キリンの赤字は深刻ではなかった。決算書を分析して見えた前向きな数字

 

赤字の原因は何か?

それでは、キリンが赤字に転落する原因はいったい何なのでしょうか?

キリンは12月21日の下方修正の発表で、ブラジルの子会社の業績不振で、減損損失が発生したことを明らかにしています。つまり、海外投資の失敗で損失が出てしまったということなのです。

キリンは2011年におよそ3千億円を投じてブラジルのビール大手のスキンカリオール社を買収しています。ブラジルはビール販売量で中国、米国に次ぐ世界3位の巨大なマーケットであり、スキンカリオールは当時、ブラジルで世界最大手のアンハイザー・ブッシュ・インベブに次ぐシェア2位を確保していたのです。

キリンはこの買収により、世界第3位のマーケットでの存在感を一気に高め、グローバルでの高い成長を実現していく戦略を描いていたというわけです。

ところが、現実にはキリンの思惑通りに事は運びませんでした。2013年からブラジル経済は減速を始め、ビール市場もマイナスに転じてしまったのです。

スキンカリオールから買収後社名変更をしたブラジルキリンは、縮小していく市場の中で競争が激化し、急激に販売量が減少していきます。そして、2015年には最終的に174億円もの巨額の営業赤字に転落する見込みになったのです。

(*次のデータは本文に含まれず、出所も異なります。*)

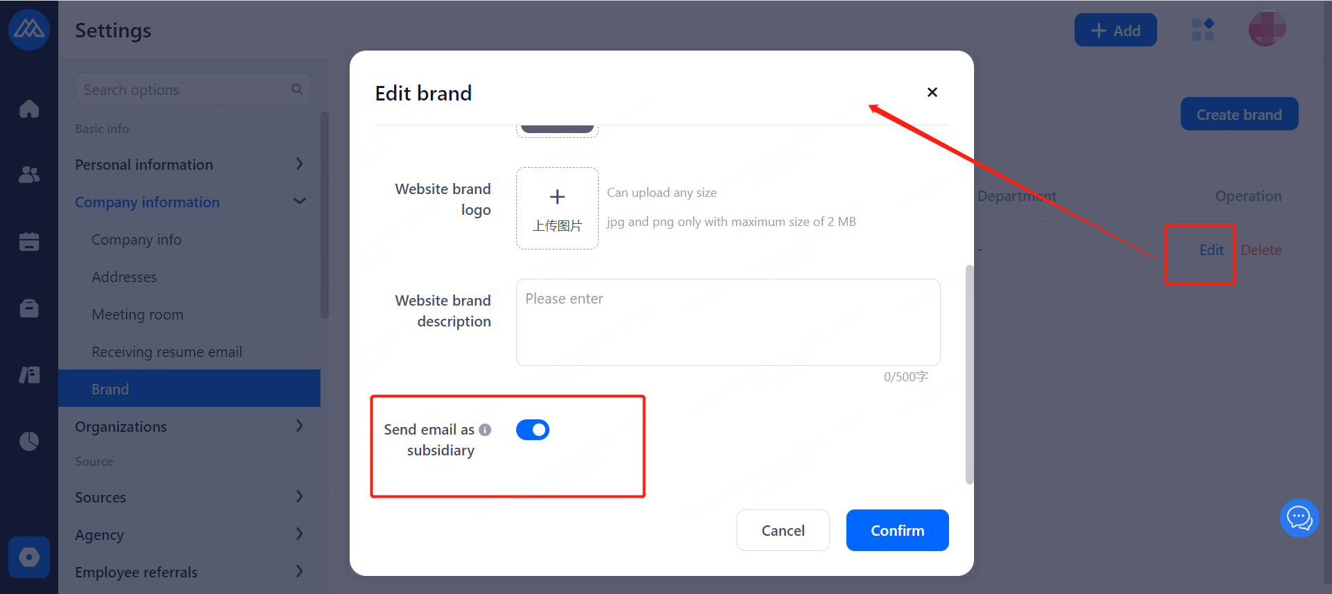 Moka Recruitment System supports unified management of company-related information, brand, address, email and other related content to ensure the unity of the company's external release of information.
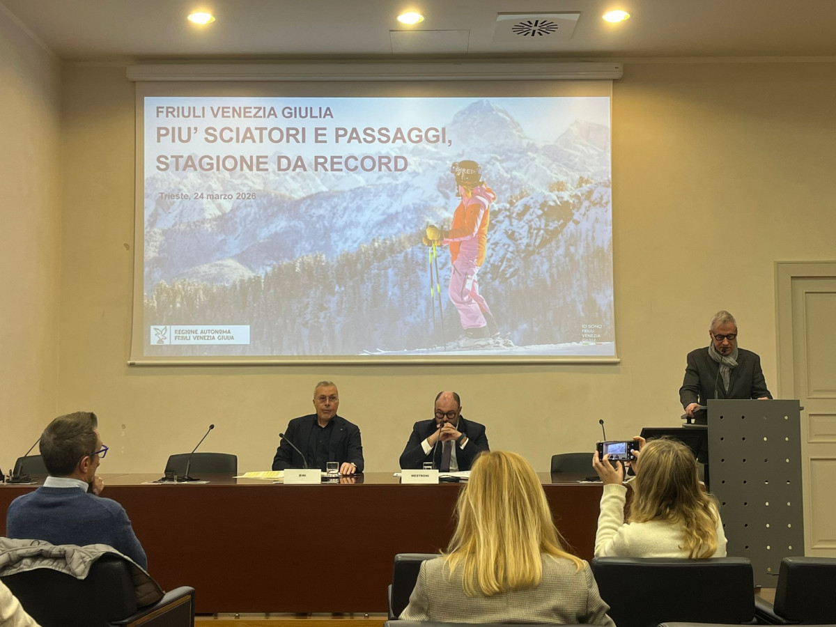 Stagione sciistica "da record" per il Friuli Venezia Giulia: per la prima volta nei poli della regione sono stati superati i 10 milioni di passaggi di sciatori. Il dato è stato diffuso oggi a Trieste durante una conferenza stampa di bilancio della stagione. Secondo l'assessore regionale al Turismo, Sergio Emidio Bini, i risultati derivano "da una programmazione che ormai va avanti da otto anni. E seppure l'asticella viene alzata anno su anno, i record non si fanno attendere. Ci fa piacere vedere che un po' tutte le località sciistiche del Fvg si sono contraddistinte per il segno più. Questo testimonia quanto le nostre piste siano amate, e anche la qualità dei servizi offerti agli sciatori. C'è ancora strada da fare - ha aggiunto - stiamo investendo ulteriormente non solo sugli impianti, ma soprattutto sui servizi, su strutture ricettive, alberghi, alberghi diffusi, appartamenti a uso turistico, insomma tutto ciò che completa l'offerta nei nostri poli montani". Nella prossima stagione possibile un aumento dei prezzi dello skipass. "Abbiamo ormai da qualche anno le tariffe invariate, molto basse, forse troppo basse - ha detto ancora l'assessore - ragioneremo per la prossima stagione, per un eventuale ritocco ma resteremo, ve lo garantisco, i più convenienti dell'arco alpino". Quanto ai dati, sono stati oltre 960mila i primi ingressi nella stagione 2025/2026, con un aumento di sciatori sulle piste, rispetto allo scorso anno, del +6,3%. Cresciuti anche gli incassi (+5%) e i ticket venduti (+5%). Numeri ricordati dal direttore generale di PromoTurismoFvg, Iacopo Mestroni. In totale sono state 122 le giornate di sci, con più di venti eventi organizzati nei sei poli e oltre 500 attività outdoor sull'intero arco alpino regionale. Quanto alle performance dei singoli comprensori, l'aumento più marcato è per Forni di Sopra, a seguire Piancavallo, Tarvisio, Sappada-Forni Avoltri, Ravascletto-Zoncolan e Sella Nevea.
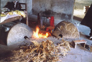 涼山彝族獨特的“鍋莊石” 。彝族的火塘為全家的生活中心,進(jìn)食、取暖、照明、會客、議事等都圍著火塘進(jìn)行?!板伹f”由3塊石頭支撐,一般在房屋建成前就請石匠打造好鍋莊石。其石料選取沒有污垢而又無缺陷的青石,鑿成厚10厘米左右的變異扇形,上面刻有龍、火、日、月、魚、鳳等古樸傳神的浮雕圖案。日常生活中,一般在鍋莊“上方”(火塘里側(cè)至墻壁)設(shè)矮床。
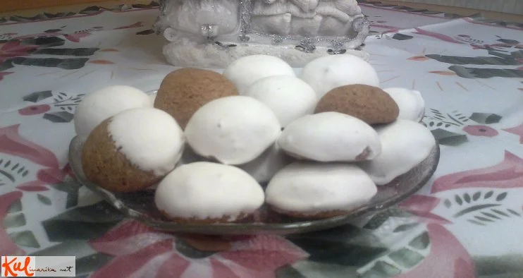 Ohlajene medenjake pomakamo v glazuro, ki smo jo pripravili iz beljaka, v katerega smo vmešali sok 1/2 limone in cca. 200 g sladkorja.
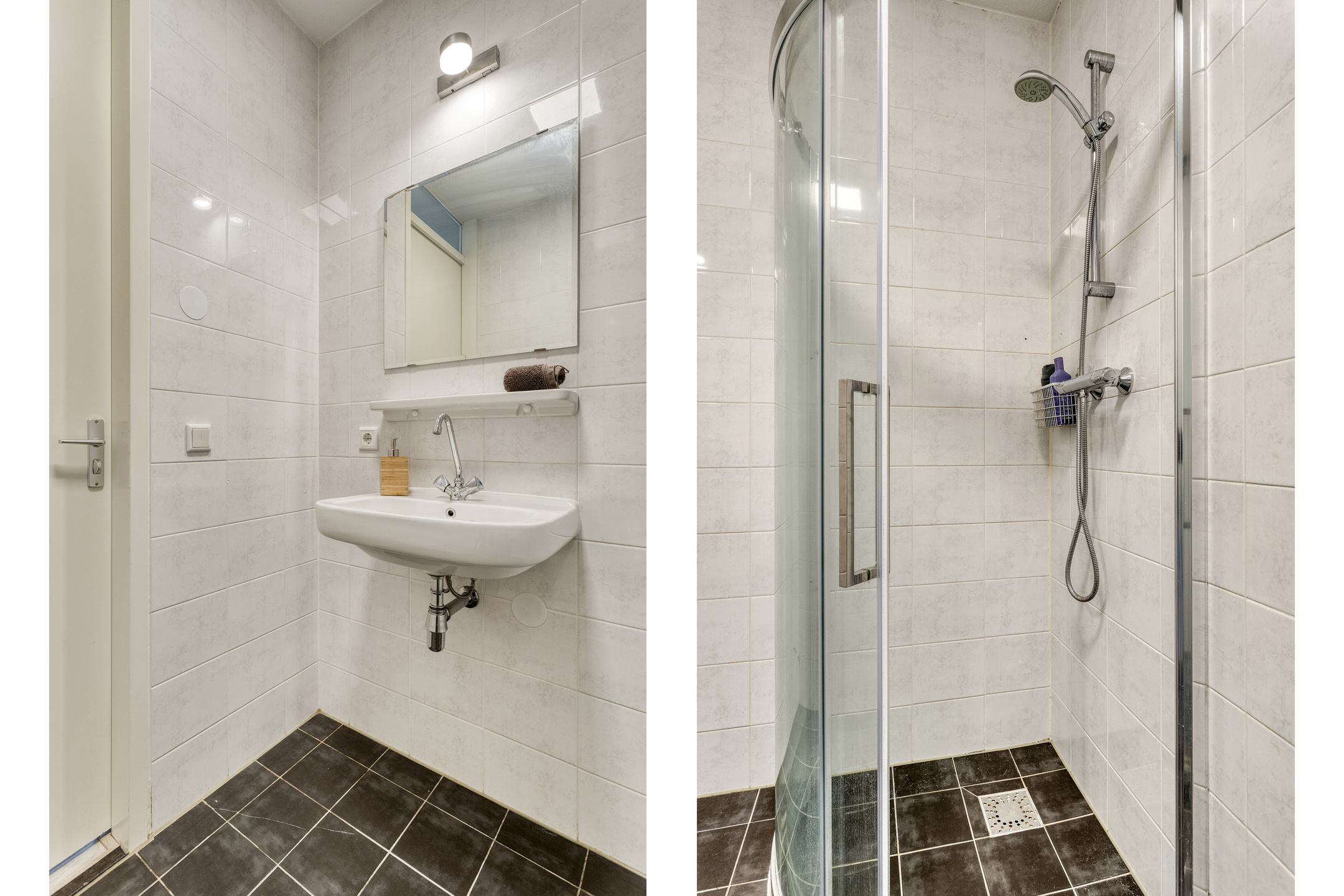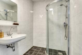 De badkamer is strak en volledig betegeld, met een moderne douchecabine, wastafel en wandspiegel. Het separate toilet is afgewerkt met deels betegelde wanden en beschikt over een fonteintje.

このような業績不振に陥ったブラジルキリンの企業価値は、当初の買収価格の3千億円には当然見合わず、企業価値を評価し直した結果、およそ1140億円の価値の毀損が判明したために、資産価値を1140億円減じる一方で、評価損として同額を計上し、最終的に赤字決算に転落したというのが、今回の経緯といえます。

今回の赤字が深刻な問題ではない理由とは?

今回キリンは1949年の上場以来初めて赤字を計上することになりましたが、決算書を分析すると、あまり心配する必要はないと思われます。

その理由として、次のようなポイントが挙げられるでしょう。

1.今回の赤字は特別な事情によるものであり、継続的なものでない

前述したように、今回のキリンの赤字は海外の買収企業の企業価値の洗い替えで発生したものであり、一時的なものです。今後の事業に継続的なマイナスの影響を与えるものではないため、そんなに深刻なものではないといっても過言ではないのです。

2.赤字といってもキャッシュの流出はない

通常、赤字というと赤字を補填するために現金が流出していくというイメージがありますが、今回の赤字では現金の流出はありません。資産の目減りによる形式的な赤字であり、560億円の最終赤字といっても、その分の資金手当てをする必要はないのです。

3.業績は順調である

キリンの直近の2015年第3四半期の決算短信を分析すると、前年同期比、売上で1.4%増、営業利益は26.6%増、経常利益は38.4%増、そして当期純利益は149.5%増と非常に堅調なことがわかります。

確かに赤字に転落するのは、好ましい状況ではありませんが、今回のキリンが思い切って上場以来初の赤字決算を行う背景には、業績が堅調な今こそ早期に「負の遺産と決別し、失敗を先送りすることなく、アグレッシブに前を目指していくという強い意志が込められていると思われます。

その意味で、今回の決算は財務の健全化を図る「前向きな赤字といっても過言ではないでしょう。

「上場以来初の赤字」というショッキングな歴史を敢えて刻むことによって、経営陣はもちろんのこと全社員に対して、失敗すればいかにキリンといえども赤字に転落するという危機感を植え付け、もう二度と同じ過ちは繰り返さないと誓う意味もあったのではないでしょうか。